Applications of Derivative Logo

Planar Motion

Position and Trajectory

Suppose a particle moves in a plane. Then its position can be expressed as

\[{\mathbf{r} = x\mathbf{i} + y\mathbf{j}},\]

where x, y are the Cartesian coordinates and i, j are the unit vectors along the x- and y- coordinate axes, respectively.

As the coordinates x, y depend on time, we can write the position vector in parametric form:

\[\mathbf{r} = x\left( t \right)\mathbf{i} + y\left( t \right)\mathbf{j}.\]

This vector equation defines the trajectory of the particle.

Velocity and Speed

The velocity \(\mathbf{v}\) for a particle is defined as the time derivative of the particle's position vector, that is

\[\mathbf{v} = \frac{{d\mathbf{r}}}{{dt}}.\]

In coordinate form, it is given by

\[\mathbf{v} = \frac{{dx}}{{dt}}\mathbf{i} + \frac{{dy}}{{dt}}\mathbf{j},\]
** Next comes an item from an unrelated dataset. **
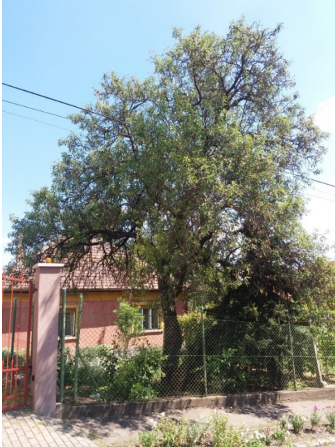
Picture 8. An old almond tree, a relic of past land uses

Our study shows that certain individual trees have a markedly increased effect on urban image and local landscape. Evaluating trees from this standpoint can give useful information for planning and prioritising management works for municipalities and public service providers. It can also raise awareness on the importance of trees located on private property, and with appropriate communication and regulatory tools, it may actively help preserve these specimens by increasing the sense of ownership and pride among owners of these remarkable trees.

where \({v_x} = \frac{{dx}}{{dt}},\) \({v_y} = \frac{{dy}}{{dt}}\) are components of the velocity vector.

The particle's speed \(v\) is a scalar quantity. It is defined as the magnitude of the velocity:

\[{v = \sqrt {v_x^2 + v_y^2} = \sqrt {{{\left( {\frac{{dx}}{{dt}}} \right)}^2} + {{\left( {\frac{{dy}}{{dt}}} \right)}^2}} .}\]


The acceleration \(\mathbf{a}\) for a particle is defined as the time derivative of the particle's velocity vector:

\[\mathbf{a} = \frac{{d\mathbf{v}}}{{dt}} = \frac{{{d^2}\mathbf{r}}}{{d{t^2}}}.\]

In case when \(\mathbf{v}\) is written in coordinate form, the acceleration is given by

\[\mathbf{a} = \frac{{d{v_x}}}{{dt}}\mathbf{i} + \frac{{d{v_y}}}{{dt}}\mathbf{j} = \frac{{{d^2}x}}{{d{t^2}}}\mathbf{i} + \frac{{{d^2}y}}{{d{t^2}}}\mathbf{j},\]

where \({a_x} = \frac{{d{v_x}}}{{dt}} = \frac{{{d^2}x}}{{d{t^2}}},\) \({a_y} = \frac{{d{v_y}}}{{dt}} = \frac{{{d^2}y}}{{d{t^2}}}\) are components of the acceleration vector.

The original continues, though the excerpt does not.